Truth be told, this is a pallid, old-fashioned design by comparison with the misapplied panache of Bjørnson’s one. Though it makes pretty enough pictures on film, what’s missing is a dimension of mystery and surprise, at the falling asleep of the castle, at the awakening. What would John Macfarlane do with those, considering his stunning midnight hour for Cinderella, and his awesome Christmas tree transformation for the Birmingham Royal Ballet Nutcracker?

But back to the dancing. Cojocaru is paired with the correct Federico Bonelli, a much better dancer than Solymosi on the earlier version, but with less presence. Her Lilac Fairy is Marianela Nuñez, whose smile is nearly as contagious as Benazir Hussein’s but who is a far finer dancer. Among the soloists, Isabel McMeekan is aptly cast as the fairy of purity, Laura Morera as the fairy of passion, and Sarah Lamb is a porcelain Princess Florine. Although the dancing standard is higher than in the 1994 film, there is still a lack of relish in articulating the steps, a prim petiteness. Valery Ovsyannikov conducts steadily and warmly, with Sergey Levitin this time the vibrant solo violinist.

Comments

How I disagree with you about the Dowell/Bjornson SB. Unlike the newer one (and every other one I've seen on DVD) this has a grandeur and sense of excitement entirely missing elsewhere. This is a GRAND ballet and this production is one of the few that attempts to match the incomparable score. I've watched it many times and never fail to be amazed by Durante's performance. Her bewitching smile exudes her total confidence in her ability. The balances in the Rose Adagio are stupendous, while the vision scene and final pas de deux are equally breathtaking. Solymosi is a fine partner too. While I have little time for Dowell's Swan Lake I think his SB is a masterpiece. My first SB was that 'original' version with Fonteyn Somes, Ashton, Grey, Jackson etc.and I remember it well but unlike many ballet critics (and audiences) I am open to change and reinterpretation. When Peter Wright did a fantastic new production - the most spectacular ever - in 1968 the critics savaged it because it wasn't like what they were used to so it was quickly vandalised and then abandoned in favour of a more traditional one by Macmillan - in my opin ion the worst SB I've ever seen. So finally I urge punters to view Durante with an open mind. I still prefer it to any other.

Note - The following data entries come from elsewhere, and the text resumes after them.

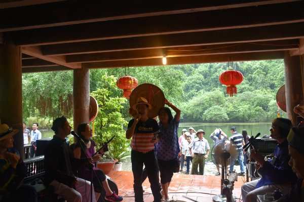 | Những điệu múa, câu hát dân ca quan họ đã được các thầy cô giáo thể hiện khi đến thăm quan Tràng An. |
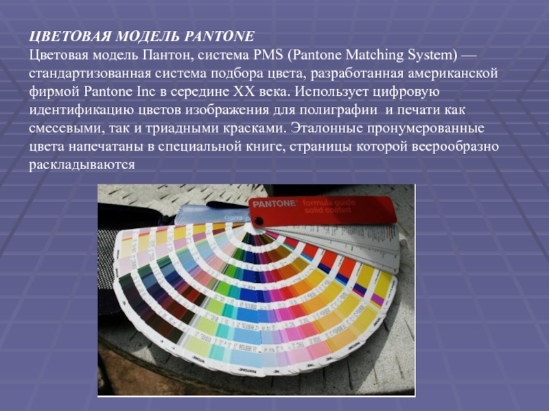 XX века. Использует цифровую идентификацию цветов изображения для полиграфии и печати как смесевыми, так и триадными красками. Эталонные пронумерованные цвета напечатаны в специальной книге, страницы которой веерообразно раскладываются
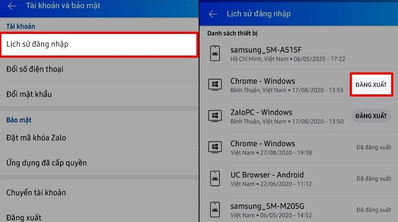 Bạn mở Zalo, vào phần Cài đặt > Tài khoản và bảo mật > Lịch sử đăng nhập > Chọn Đăng xuất bên cạnh thiết bị bạn muốn thoát.
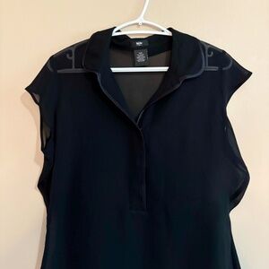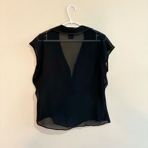 This stunning vintage Y2K Mossimo blouse features a sheer black fabric with sleek satin trim, offering a bold yet elegant look. The deep collar and cap sleeves add a touch of sophistication, making it a perfect addition to any fashion-forward wardrobe.
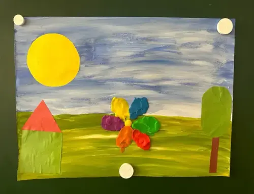 Посмотрите внимательно на аппликацию, на своем листе я сделала дом из геометрических фигур, посадила дерево.
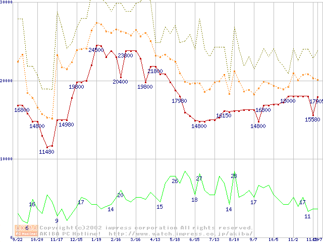PC2100(DDR266) DDR SDRAM DIMM ECC対応 Registeredタイプの最安値推移

I much prefer Maria Maria Bjørnson's designs for the 1994 Royal Ballet production of The Sleeping Beauty to the current Royal Ballet designs. The Sleeping Beauty is a ballet (like the Nutcracker and Cinderella) where it's all too easy to fall into a "chocolate box" style of design. Bjørnson's designs are the among the most imaginative I have seen of this ballet. She also avoids the over-wrought floral colour palette that often dominates the design of this ballet. Sorry Messel fans, but I find the current Royal Ballet designs bland and forgettable in comparison.